Ketika reaktor sedang beroperasi, lilitannya berfungsi sebagai media termal dan sumber panas, dan suhunya umumnya mengikuti distribusi kurva tertentu di ruang angkasa. Dengan cara ini, terdapat perbedaan antara kenaikan suhu titik terpanas dan kenaikan suhu rata-rata. Batas kenaikan suhu lilitan reaktor didasarkan pada kenaikan suhu titik terpanasnya, dan kenaikan suhu rata-rata merupakan indikator penting untuk mengevaluasi rasionalitas dan kinerja ekonomis dari desain. Terdapat keteraturan tertentu antara kenaikan suhu rata-rata dan kenaikan suhu titik terpanas. Masa pakai termal dan kerusakan isolasi dari isolasi lilitan reaktor ditentukan oleh kenaikan suhu titik terpanas lilitan. Hal ini tidak ditentukan oleh kenaikan suhu rata-rata. Masa pakai reaktor inti udara tipe kering dihitung berdasarkan hukum masa pakai Montsingey. Dalam rumus di atas, T adalah masa pakai bahan isolasi; A adalah konstanta (ditentukan berdasarkan tingkat ketahanan suhu bahan isolasi yang digunakan dalam reaktor); θ adalah konstanta, sekitar 0.88; θ adalah suhu kerja aktual bahan isolasi. Untuk semi logaritma θ=f (lnT) dari hukum waktu hidup Monteschinger, diperoleh garis lurus yang memuat konstanta arah (-1/ ), seperti yang ditunjukkan pada gambar. Ini adalah hubungan fungsional antara waktu hidup lilitan (tingkat ketahanan panas lilitan A, B, dan H) dan suhu kerja lilitan.
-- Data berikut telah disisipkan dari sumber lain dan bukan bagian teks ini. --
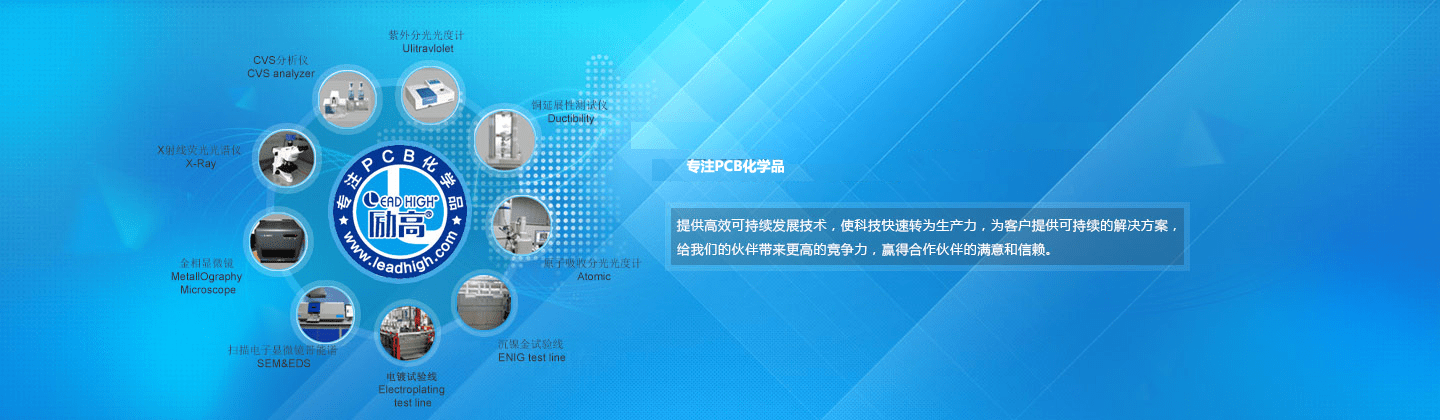 深圳市勵高表面處理材料有限公司是致力于金屬或非金屬表面技術(shù)處理領(lǐng)域的集研發(fā)、生產(chǎn)、銷售、服務(wù)為一體的科技實體,經(jīng)營印刷線路板、五金、ASB塑膠等表面處理的添加劑,以及其他表面處理產(chǎn)品。公司憑借雄厚的技術(shù)力量和人才優(yōu)勢,不斷進(jìn)步,走創(chuàng)新發(fā)展之道路,以“誠信、研發(fā)、服務(wù)”為經(jīng)營理念,以ISO9001標(biāo)準(zhǔn)化管理體系為品質(zhì)保證,以客戶滿意為服務(wù)宗旨,使產(chǎn)品質(zhì)量和新產(chǎn)品與國外同步輸出,為客戶提供快捷、有效、低成本、服務(wù)周到的服務(wù)。
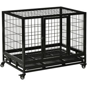 Ideal for both puppies and adult dogs, the PawHut dog crate offers exceptional convenience. Use the metal dog crate for anything from potty training or house training to regulate house rules and boundaries-or simply as a safe, secure place for your pet to rest and relax. The steel cage includes strong welds at stress points and strong latch on the door. The durable powder coated finish is also rust-resistant. Goal is to keep your pets happy and healthy, while proving accessibility and easy cleaning for you. Specifications: • Material Used: Metal • Colour: Black • Special Size: Large • Product Dimension: 109L x 76W x 81Hcm • Flat Pack: YES • Assembly Required: YES • Other Key Info: Door Size: 42L x 61Hcm • Custom Label: D02-021 Features: • Sturdy metal construction with powder coating finish that is also rust-resistant • Clean up is easy with this cage because of its grated floor with tray • Casters at the bottom of the cage allow for easy movement • Designed with mini dividers (5 cm
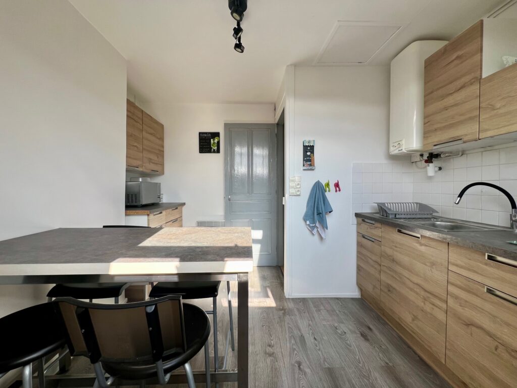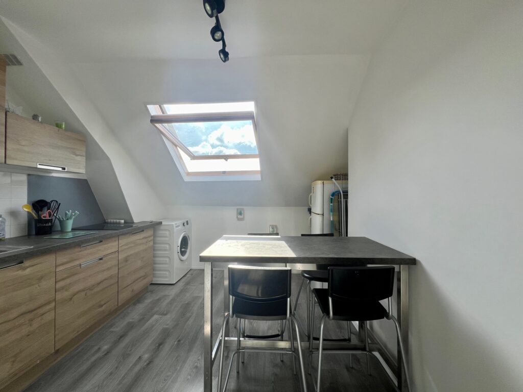- une cuisine équipé et aménagée avec machine à laver
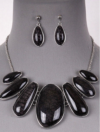 Black Marble Oval Necklace Set
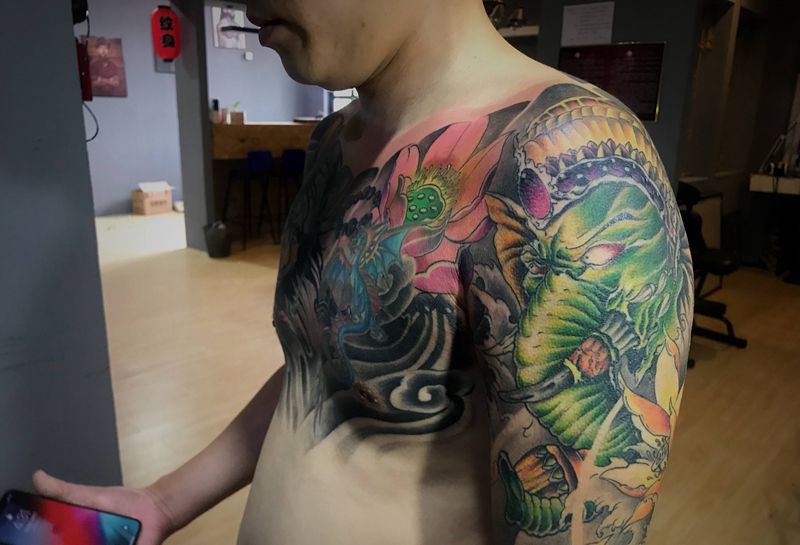 当前位置: 首页 >河北省沧州市纹身店-名扬刺青工作室纹身图案>象神纹身图片_肩部新传统老传统纹身图案
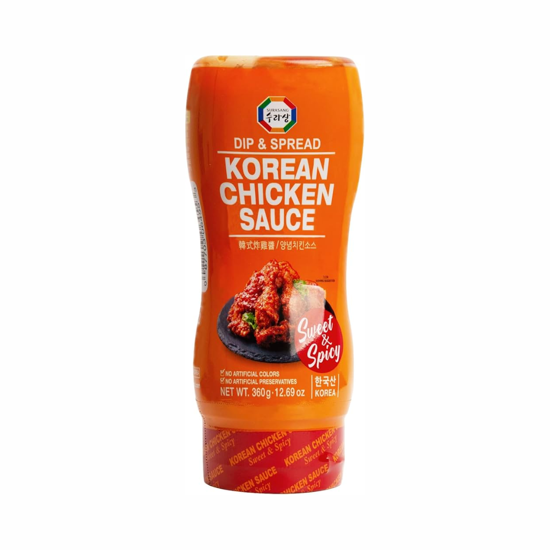 La Korean Chicken Sauce Surasang 360 g es una salsa inspirada en la cocina coreana, diseñada para acompañar y preparar platos de pollo. Su textura espesa permite una aplicación uniforme, facilitando su uso en distintas elaboraciones.
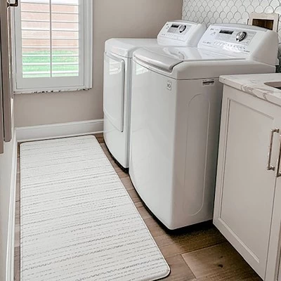 - Gray-and-white runner with the look of a designer rug and feel of a play mat
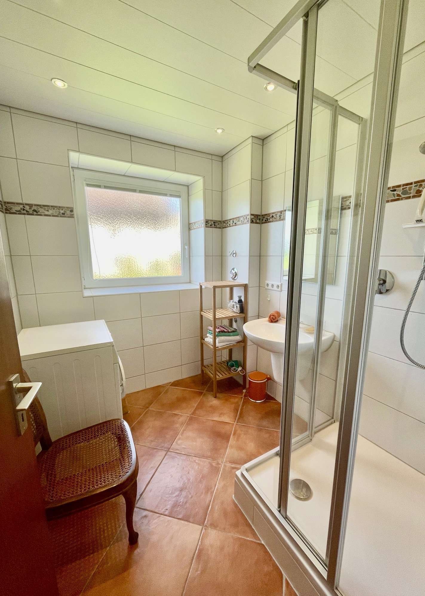 Das Badezimmer ist mit Dusche und ausgestattet.
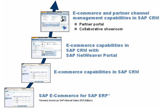 從上圖中,我們可以清楚地看出SAP的電子商務(wù)(E-Commerce)功能經(jīng)歷了一個不斷進化的過程。主要分成以下四個階段:
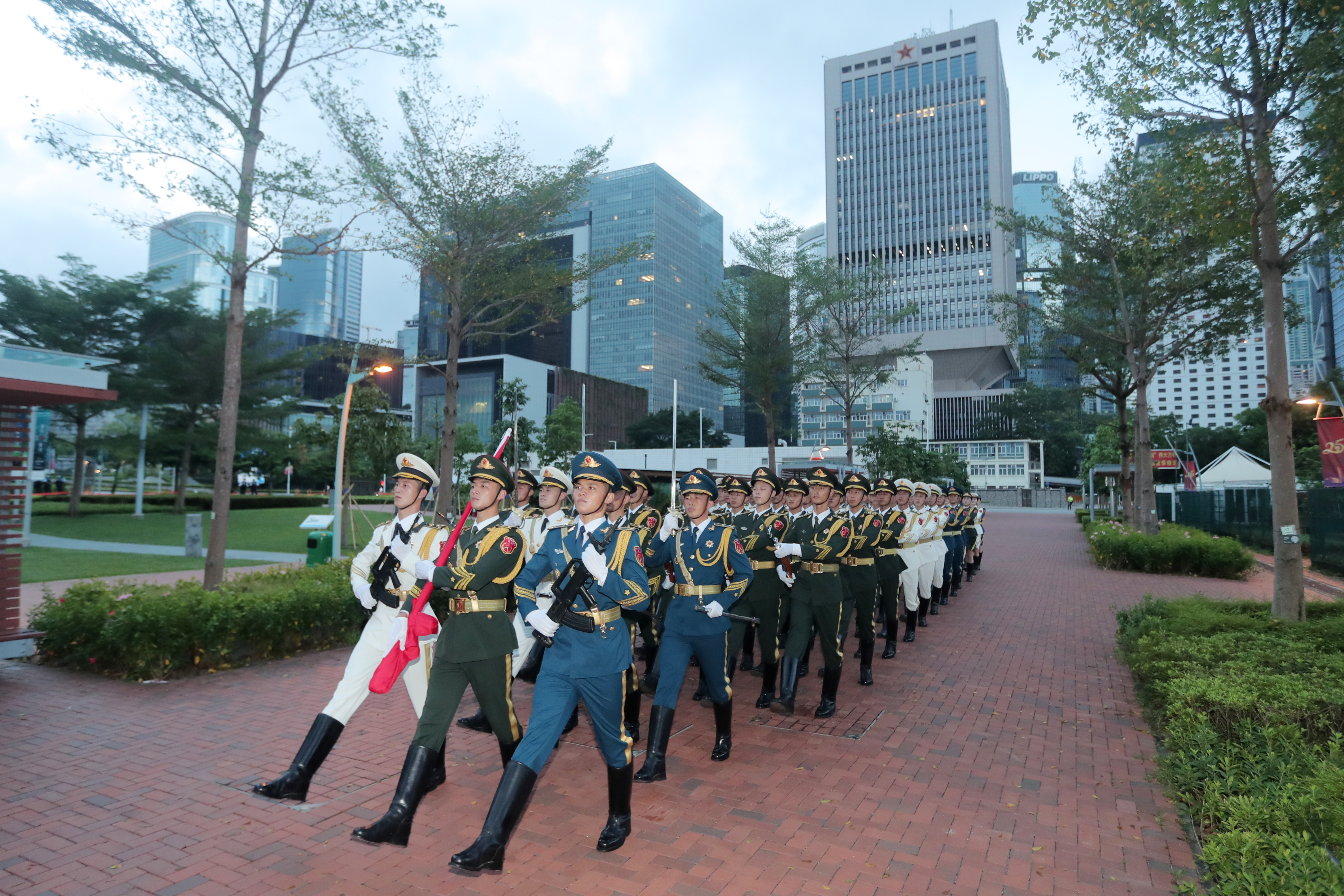 在赤柱、昂船洲、石崗、槍會山等駐香港部隊軍營,昨日都舉行了升國旗儀式。

Setiap bahan isolasi memiliki nilai perubahan suhu yang tetap. Selama periode statistik tertentu, jika suhu titik terpanas lilitan reaktor lebih rendah dari suhu maksimum yang dibolehkan dari bahan isolasi yang digunakan, bahan isolasi akan menua secara perlahan dan masa pakainya akan diperpanjang. Sebaliknya, penuaan isolasi semakin cepat dan masa pakainya semakin pendek. Untuk seluruh masa pakai reaktor, perpanjangan atau pemendekan masa pakai isolasi ini merupakan kompensasi untuk masa pakai tersebut. Nilai perubahan suhu yang mengurangi masa pakai setiap bahan isolasi hingga setengah atau dua kali lipat adalah tetap dan tidak berubah. Nilai perubahan suhu adalah 8 derajat untuk Kelas A, 8-10 derajat untuk Kelas B, dan 12 derajat untuk Kelas H. Karena Δ θ=8 derajat A-level. Oleh karena itu, hukum masa pakai Montessori juga dikenal sebagai hukum 8 derajat, dan kelas H secara umum disebut sebagai hukum 12 derajat.
Singkatnya, setiap bahan insulasi memiliki toleransi suhu insulasi maksimumnya sendiri. Ketika suhu titik terpanas dari lilitan reaktor melebihi suhu maksimum absolut, bahan insulasi akan cepat terkarbonisasi dan kehilangan sifat insulasi dan mekanisnya. Oleh karena itu, jika reaktor sering beroperasi di bawah beban berlebih, perlu berkonsultasi dengan produsen selama pemesanan dan mempertimbangkan kondisi kerja beban berlebih yang sering terjadi selama desain untuk memastikan masa operasi reaktor yang diperlukan.